Scene with my father della regista Biserka Šuran approda al Faito Doc Festival. Il film, in competizione nella sezione internazionale dei cortometraggi, vuole tracciare un percorso esistenziale, all’insegna dei ricordi e della volontà di dialogo tra due dimensioni temporali inevitabilmente connesse: presente e passato.
Scene with my father: il concetto di identità e di provenienza
Scene with my father indaga a fondo i concetti di identità e di provenienza. Il documentario ha due protagonisti: la regista nei panni della figlia, e suo padre. Si tratta di un confronto tra i due soggetti – sempre seduti uno a fianco dell’altro in una posizione di dialogo affettuoso – che è espressione di idee, pensieri, desideri e anche rimpianti.
Il film stesso sembra un viaggio realistico di tipo esistenziale davanti alla cinepresa, in cui i protagonisti s’interrogano vicendevolmente circa i quesiti e i vissuti più scomodi della loro vita, smuovendo ricordi particolarmente dolorosi perché personalmente sofferti.
È il caso del concetto di identità e provenienza: il padre della protagonista s’interroga su che cosa significhi per lui tale parola, a quale campo semantico, nella sua interiorità, faccia riferimento. E, poiché tali riflessioni partono dal proprio vissuto, sono obbligatoriamente diverse da quelle della figlia.
Per l’uomo, emigrato dall’ex Iugoslavia in Croazia, l’identità è una costruzione personale di sé, in riferimento al contesto concreto in cui si vive. Per la figlia, è tutt’altro. Biserka crede che l’identità sia qualcosa che si possa percepire, vedere, ascoltare. Non a caso è impegnata nell’arduo tentativo di filmare stati d’animo, resi ancora più complessi dalla vicinanza familiare con essi.
A metà strada, tra appartenenza e rifiuto
Per Biserka identità è anche dolore. Il vissuto della regista, che si è trasferita negli anni della formazione della sua personalità, non è sempre stato lineare.
La donna cerca di spiegare al padre quanto questo movimento di allontanamento dalla propria terra sia stato in parte traumatico, per quanto reso necessario dalle circostanze esterne sempre più minacciose, in un orizzonte di guerra.

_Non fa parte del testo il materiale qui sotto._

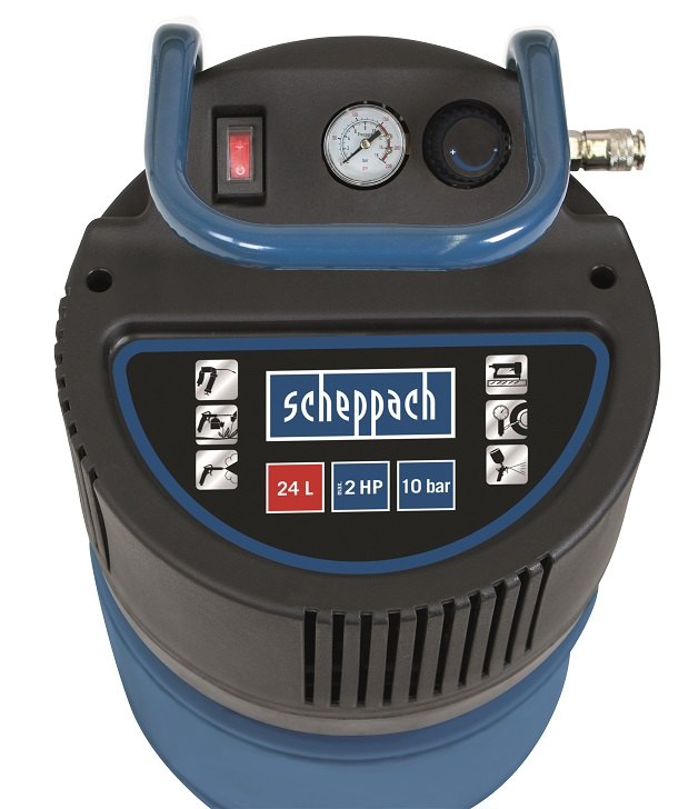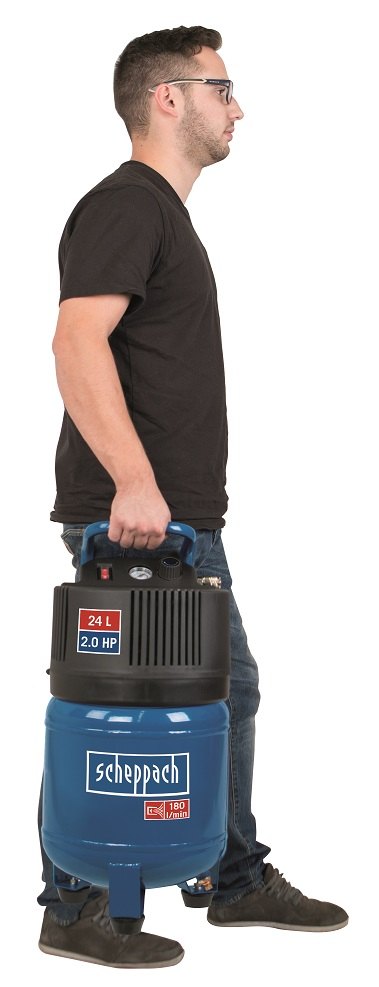 Vertikální kompresor Scheppach HC 24 V je prostorově velmi úsporný stroj, který má díky použití moderního motoru s bezolejovou technologií rovněž minimální nároky na údržbu. To ho staví do role ideálního kompresoru pro běžné domácí využití a do stísněných dílen a garáží. Tlaková nádoba slouží jako zásobárna stlačeného vzduchu a motor se tak zapíná jen v případě, že tlak vzduchu klesne pod požadovanou úroveň. Díky vzdušníku můžete s kompresorem provádět i náročnější operace, než je běžné huštění. Můžete k němu připojit třeba sponkovačku, stříkací pistoli (airbrush), ofukovací pistoli a další vzduchové nářadí. Při dofukování pneumatik zase oceníte jednoduché nastavení výše tlaku, který můžete snadno kontrolovat pomocí vestavěného manometru. Díky bezolejové technologii se dobře hodí i k udržování tlaku v pivních sudech. Přídavná rukojeť, nízká hmotnost a kompaktní rozměry umožní snadnou manipulaci se strojem.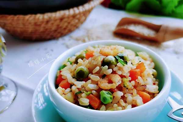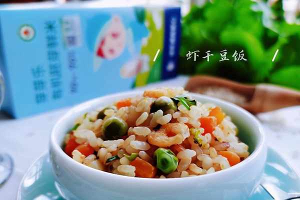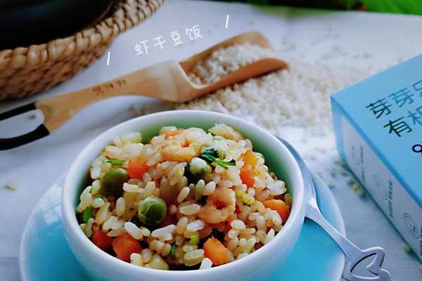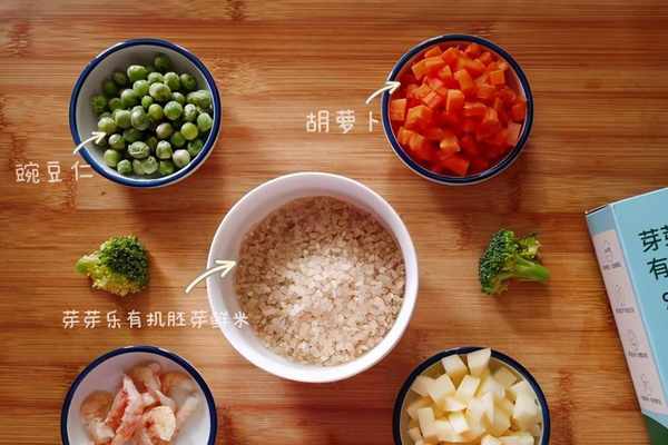 1、蝦幹提前用清水浸泡15分鐘,加入1勺料酒給蝦幹去腥,土豆去皮洗凈切1厘米的小丁,胡蘿卜洗凈切同樣的小丁,豌豆仁清洗瀝幹水,胚芽米清水輕微地淘洗一遍即可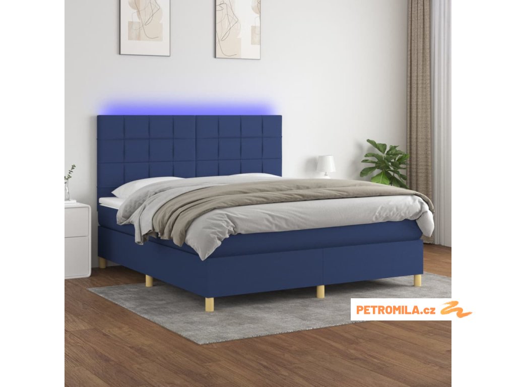 Box spring postel s matrací a LED modrá 180x200 cm textil

Un clima di distensione e di confronto reale con la propria figura paterna è ciò che permette alla protagonista di esprimere quello che davvero sente e in che modo ha vissuto il suo passato. Si è sempre sentita a metà, senza essere sicura di appartenere al paese che l’ha vista nascere, e con la paura di risultare estranea in quello nel quale è arrivata.
Cinema come possibilità di riflessione e presa di cura
Scene with my father segue un viaggio di tipo esistenziale, si è detto, che dopo quarantasei minuti arriva al suo approdo finale. Se la figlia lascia domande quasi in sospeso che costellano il suo rapporto con il padre, quest’ultimo riesce a raccogliere le fila e dare a sua volta espressione a tutto ciò che negli anni è rimasto nella pericolosa penombra del “non detto”.
“Mi fai parlare dal cuore”, ammette l’uomo. Per poi suggerire alla figlia un’altra lettura della realtà, consapevole che Biserka ne farà tesoro: lei non è una metà, ma un intero. Al di sopra di concetti culturalmente costruiti come quello di identità e provenienza, conta il proprio valore interiore. E quello si costruisce da sé.
Scene with my father può essere dunque descritto come un film necessario, sebbene quest’aggettivo non sempre si riveli davvero pregnante in svariati contesti. Nel momento in cui, però, una pellicola riesce a ricordare o a insegnare che la propria unica ricchezza è quella interiore, non c’è altro aggettivo che possa definirlo meglio.